## klimenkov 2 years ago There are $$n$$ lottery tickets in sale. $$m$$ of them are the winning tickets. You have bought $$r$$ tickets. What is the probability for you to win in the lottery. P.S. You win if you have one or more winning tickets.

1. wio

The probability that a ticket wins is: $\frac{m}{n}$ The probability that it loses is thus: $1 - \frac{m}{n}$ The probability that you have $$r$$ loosing tickets is thus: $\left(1 - \frac{m}{n}\right)^r$ The probability that NOT all tickets loose (at least one tickets wins) is thus: $1 - \left(1 - \frac{m}{n}\right)^r$

2. klimenkov

If I have bought more than $$n-m$$ tickets, so $$r>n-m$$ I will 100% win.

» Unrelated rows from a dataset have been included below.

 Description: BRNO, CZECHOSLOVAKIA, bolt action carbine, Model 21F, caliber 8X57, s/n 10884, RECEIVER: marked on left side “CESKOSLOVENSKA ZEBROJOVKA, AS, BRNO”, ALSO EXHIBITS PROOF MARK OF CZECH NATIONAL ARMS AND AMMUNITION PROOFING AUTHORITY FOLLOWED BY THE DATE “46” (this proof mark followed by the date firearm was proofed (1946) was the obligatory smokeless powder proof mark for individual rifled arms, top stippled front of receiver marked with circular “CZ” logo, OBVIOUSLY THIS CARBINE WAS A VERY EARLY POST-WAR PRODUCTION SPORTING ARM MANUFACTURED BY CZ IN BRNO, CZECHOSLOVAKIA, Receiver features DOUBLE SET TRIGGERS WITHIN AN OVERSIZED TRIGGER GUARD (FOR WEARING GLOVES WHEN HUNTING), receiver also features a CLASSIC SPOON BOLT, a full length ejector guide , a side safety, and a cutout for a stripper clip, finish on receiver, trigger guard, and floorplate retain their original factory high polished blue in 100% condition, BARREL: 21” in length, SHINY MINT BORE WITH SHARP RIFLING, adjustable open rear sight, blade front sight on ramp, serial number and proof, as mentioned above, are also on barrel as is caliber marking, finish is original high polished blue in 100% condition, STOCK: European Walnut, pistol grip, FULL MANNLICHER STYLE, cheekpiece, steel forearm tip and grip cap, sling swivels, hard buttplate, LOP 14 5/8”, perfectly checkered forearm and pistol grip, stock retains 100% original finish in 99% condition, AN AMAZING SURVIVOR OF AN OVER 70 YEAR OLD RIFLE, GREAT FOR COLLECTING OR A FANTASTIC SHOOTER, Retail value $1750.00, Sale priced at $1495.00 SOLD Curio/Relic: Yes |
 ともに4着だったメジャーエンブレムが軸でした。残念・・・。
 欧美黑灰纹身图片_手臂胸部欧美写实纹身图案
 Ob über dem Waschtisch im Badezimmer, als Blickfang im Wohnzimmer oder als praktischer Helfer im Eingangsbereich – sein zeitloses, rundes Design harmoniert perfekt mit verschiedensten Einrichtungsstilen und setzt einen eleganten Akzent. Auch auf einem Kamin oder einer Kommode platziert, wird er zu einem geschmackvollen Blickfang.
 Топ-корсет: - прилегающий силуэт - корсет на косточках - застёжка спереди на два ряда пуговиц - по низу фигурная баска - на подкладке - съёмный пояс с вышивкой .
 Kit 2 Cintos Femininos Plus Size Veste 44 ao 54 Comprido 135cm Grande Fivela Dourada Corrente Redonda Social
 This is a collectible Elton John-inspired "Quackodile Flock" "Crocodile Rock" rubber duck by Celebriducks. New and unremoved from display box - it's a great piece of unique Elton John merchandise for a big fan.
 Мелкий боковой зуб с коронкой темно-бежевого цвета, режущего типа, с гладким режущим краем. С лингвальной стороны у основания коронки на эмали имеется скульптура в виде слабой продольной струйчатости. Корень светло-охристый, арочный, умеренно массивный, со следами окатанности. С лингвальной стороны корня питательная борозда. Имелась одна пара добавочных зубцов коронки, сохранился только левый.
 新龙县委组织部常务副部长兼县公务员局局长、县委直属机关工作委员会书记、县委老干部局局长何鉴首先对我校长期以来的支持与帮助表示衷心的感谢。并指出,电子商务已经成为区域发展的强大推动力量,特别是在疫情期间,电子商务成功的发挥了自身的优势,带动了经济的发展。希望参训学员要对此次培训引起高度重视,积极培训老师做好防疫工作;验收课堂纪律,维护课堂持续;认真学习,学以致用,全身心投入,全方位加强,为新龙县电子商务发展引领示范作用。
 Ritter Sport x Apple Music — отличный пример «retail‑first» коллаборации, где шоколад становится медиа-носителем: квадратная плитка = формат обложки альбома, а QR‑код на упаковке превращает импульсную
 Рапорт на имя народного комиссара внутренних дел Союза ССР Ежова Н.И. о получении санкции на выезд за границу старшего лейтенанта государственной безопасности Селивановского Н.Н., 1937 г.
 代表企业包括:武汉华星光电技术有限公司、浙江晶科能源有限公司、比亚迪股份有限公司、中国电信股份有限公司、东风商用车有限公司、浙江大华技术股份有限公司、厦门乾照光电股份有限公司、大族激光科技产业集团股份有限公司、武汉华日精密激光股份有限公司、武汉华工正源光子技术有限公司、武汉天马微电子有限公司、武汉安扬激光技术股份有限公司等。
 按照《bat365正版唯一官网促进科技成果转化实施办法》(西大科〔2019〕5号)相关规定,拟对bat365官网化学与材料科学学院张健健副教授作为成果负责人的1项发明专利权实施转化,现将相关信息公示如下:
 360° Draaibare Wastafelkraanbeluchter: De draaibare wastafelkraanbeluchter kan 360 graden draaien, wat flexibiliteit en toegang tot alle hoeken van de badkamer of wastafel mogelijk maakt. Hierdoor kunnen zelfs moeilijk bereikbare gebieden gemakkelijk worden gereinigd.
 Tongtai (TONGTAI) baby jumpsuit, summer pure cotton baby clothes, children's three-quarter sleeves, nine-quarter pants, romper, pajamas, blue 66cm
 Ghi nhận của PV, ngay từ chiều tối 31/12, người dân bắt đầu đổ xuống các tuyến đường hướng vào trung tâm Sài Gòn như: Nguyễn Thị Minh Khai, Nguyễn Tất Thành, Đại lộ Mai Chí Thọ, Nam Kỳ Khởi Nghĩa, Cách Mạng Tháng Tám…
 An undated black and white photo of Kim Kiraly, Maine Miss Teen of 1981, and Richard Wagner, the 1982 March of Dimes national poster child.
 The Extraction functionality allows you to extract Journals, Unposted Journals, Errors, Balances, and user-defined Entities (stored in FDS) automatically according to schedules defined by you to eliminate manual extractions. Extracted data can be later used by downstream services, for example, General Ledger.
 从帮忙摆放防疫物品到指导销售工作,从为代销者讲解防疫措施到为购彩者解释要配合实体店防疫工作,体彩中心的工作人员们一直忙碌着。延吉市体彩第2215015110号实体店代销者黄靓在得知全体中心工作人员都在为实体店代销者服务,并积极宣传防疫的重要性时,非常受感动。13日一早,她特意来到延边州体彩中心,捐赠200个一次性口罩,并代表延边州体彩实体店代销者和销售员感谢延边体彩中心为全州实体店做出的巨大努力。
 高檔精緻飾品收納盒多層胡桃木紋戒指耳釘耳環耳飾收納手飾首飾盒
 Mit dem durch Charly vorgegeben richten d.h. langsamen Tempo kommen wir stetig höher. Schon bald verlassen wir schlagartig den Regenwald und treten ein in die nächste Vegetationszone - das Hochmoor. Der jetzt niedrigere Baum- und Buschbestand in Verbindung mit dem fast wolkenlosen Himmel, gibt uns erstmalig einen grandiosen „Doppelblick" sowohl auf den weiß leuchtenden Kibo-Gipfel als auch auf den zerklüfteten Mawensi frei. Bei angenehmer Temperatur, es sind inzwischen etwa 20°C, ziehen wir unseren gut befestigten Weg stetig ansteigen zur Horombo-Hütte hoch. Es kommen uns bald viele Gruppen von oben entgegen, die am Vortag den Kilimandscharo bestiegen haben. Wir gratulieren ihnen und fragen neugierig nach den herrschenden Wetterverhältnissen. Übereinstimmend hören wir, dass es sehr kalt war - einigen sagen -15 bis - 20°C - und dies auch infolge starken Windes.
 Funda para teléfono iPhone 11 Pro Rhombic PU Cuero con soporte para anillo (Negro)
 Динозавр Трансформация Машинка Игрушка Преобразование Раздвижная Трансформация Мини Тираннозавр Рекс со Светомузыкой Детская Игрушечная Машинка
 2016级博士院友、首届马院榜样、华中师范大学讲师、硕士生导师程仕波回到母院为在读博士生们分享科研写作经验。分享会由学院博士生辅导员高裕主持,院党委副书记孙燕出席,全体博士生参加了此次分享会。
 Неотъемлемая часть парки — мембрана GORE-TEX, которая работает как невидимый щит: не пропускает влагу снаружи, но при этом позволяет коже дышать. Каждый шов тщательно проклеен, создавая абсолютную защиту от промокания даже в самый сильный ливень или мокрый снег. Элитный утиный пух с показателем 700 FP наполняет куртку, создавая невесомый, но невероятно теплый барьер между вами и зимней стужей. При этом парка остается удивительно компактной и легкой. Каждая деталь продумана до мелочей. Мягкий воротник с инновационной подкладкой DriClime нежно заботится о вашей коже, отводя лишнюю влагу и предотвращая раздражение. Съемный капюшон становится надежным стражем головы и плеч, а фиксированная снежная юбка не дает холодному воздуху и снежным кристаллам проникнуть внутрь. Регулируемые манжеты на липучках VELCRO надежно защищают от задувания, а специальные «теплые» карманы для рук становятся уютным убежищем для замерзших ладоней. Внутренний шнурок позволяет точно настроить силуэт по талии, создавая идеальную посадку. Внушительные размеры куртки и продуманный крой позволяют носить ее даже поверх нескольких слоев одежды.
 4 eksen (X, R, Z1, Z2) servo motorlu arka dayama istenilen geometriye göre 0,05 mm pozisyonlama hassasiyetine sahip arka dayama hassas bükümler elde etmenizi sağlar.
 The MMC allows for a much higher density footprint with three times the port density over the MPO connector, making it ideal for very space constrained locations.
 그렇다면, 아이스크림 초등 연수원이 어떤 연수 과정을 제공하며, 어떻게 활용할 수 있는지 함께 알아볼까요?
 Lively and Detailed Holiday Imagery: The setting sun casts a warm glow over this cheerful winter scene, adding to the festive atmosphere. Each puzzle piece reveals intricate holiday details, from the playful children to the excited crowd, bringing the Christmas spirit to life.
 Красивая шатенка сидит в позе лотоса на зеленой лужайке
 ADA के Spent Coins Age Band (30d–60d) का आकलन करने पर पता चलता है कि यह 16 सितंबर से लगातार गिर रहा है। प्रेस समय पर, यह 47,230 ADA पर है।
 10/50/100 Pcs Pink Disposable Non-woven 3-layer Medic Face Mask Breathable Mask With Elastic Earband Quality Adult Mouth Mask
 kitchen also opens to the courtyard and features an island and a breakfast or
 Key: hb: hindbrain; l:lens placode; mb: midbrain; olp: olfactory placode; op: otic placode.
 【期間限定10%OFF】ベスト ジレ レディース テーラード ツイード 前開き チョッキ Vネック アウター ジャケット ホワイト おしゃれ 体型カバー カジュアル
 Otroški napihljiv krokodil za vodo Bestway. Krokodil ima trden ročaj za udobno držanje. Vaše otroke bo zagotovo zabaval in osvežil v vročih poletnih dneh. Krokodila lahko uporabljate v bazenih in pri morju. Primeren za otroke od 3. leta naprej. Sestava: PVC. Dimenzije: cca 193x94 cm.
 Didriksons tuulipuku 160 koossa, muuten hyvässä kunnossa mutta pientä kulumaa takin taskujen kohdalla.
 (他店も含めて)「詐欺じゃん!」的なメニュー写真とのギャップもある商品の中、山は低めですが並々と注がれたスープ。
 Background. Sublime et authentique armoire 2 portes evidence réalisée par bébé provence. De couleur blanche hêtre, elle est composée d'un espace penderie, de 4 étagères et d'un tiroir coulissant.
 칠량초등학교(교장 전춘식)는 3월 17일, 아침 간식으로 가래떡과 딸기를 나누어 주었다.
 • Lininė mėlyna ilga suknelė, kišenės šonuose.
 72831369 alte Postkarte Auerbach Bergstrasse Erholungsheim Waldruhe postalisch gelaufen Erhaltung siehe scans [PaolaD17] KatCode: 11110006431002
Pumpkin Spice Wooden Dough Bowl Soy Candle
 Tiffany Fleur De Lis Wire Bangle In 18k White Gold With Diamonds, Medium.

But your probability is not equal to 1 even if $$r=n$$. Think again.

3. wio

Right, so we have to take into account the fact that with each loss, the probability of a ticket failing decreases. So the probability that a ticket loses at the start is $1-\frac{m}{n}$ and for the second one it is: $1-\frac{m}{n-1}$ So we get $1 - \prod_{k=0}^{r-1} \left(1 - \frac{m}{n-k}\right)$ Umm how about that?

4. klimenkov

5. klimenkov

@experimentX you was so close...

6. wio

Am I still missing something?

7. klimenkov

8. klimenkov

Yes. You are right.

9. experimentX

why was it ?? $\huge {\sum\limits_{k=1}^r \binom{m}{k}\binom{n-m}{r-k}\over \binom{n}{r}}$

10. klimenkov

My answer was $1-\frac{C_{n-m}^r}{C_n^r}=1-\frac{A_{n-m}^r}{A_n^r}$I don't know what letters are used in other countries, but we use this letters. I hope you will get it. $$C_n^k=\left(\begin{matrix}n \\ k\end{matrix}\right)$$ and $$A_n^k=k!C_n^k$$.

11. klimenkov

Actually it equals $\frac1{C_n^r}\cdot\sum_{i=0}^{r-1}C_{n-m}^iC_m^{r-i}$

12. experimentX

yeah ... just confused about that index. Damn indexes. http://en.wikipedia.org/wiki/Vandermonde's_identity I would look funny if it were for real.

13. wio

There is more than one way to do it. You can do it the way where you add up every way you can win (win with 1, win with 2, win with r) since they are mutually exclusive events.

14. klimenkov

Yes you are both right! You can get the Vandermonde's identity solving this problem! Just put the "=" sign between 2 solutions! $\frac1{C_n^r}\cdot\sum_{i=0}^{r-1}C_{n-m}^iC_m^{r-i}=1-\frac{C_{n-m}^r}{C_n^r}$If you do some simplifications you will get what Wiki says about - the Vandermonde's identity!

15. klimenkov

16. klimenkov

Hope, you enjoyed this problem.

17. experimentX
18. experimentX

hope that works for you!! i see things in russian when i look english in mirror!!

19. klimenkov

The translation is worse for me than the original text. My English wants to be better.

20. experimentX

Woops sorry!!

21. klimenkov

No problem. I think you just want to help me. Thank you.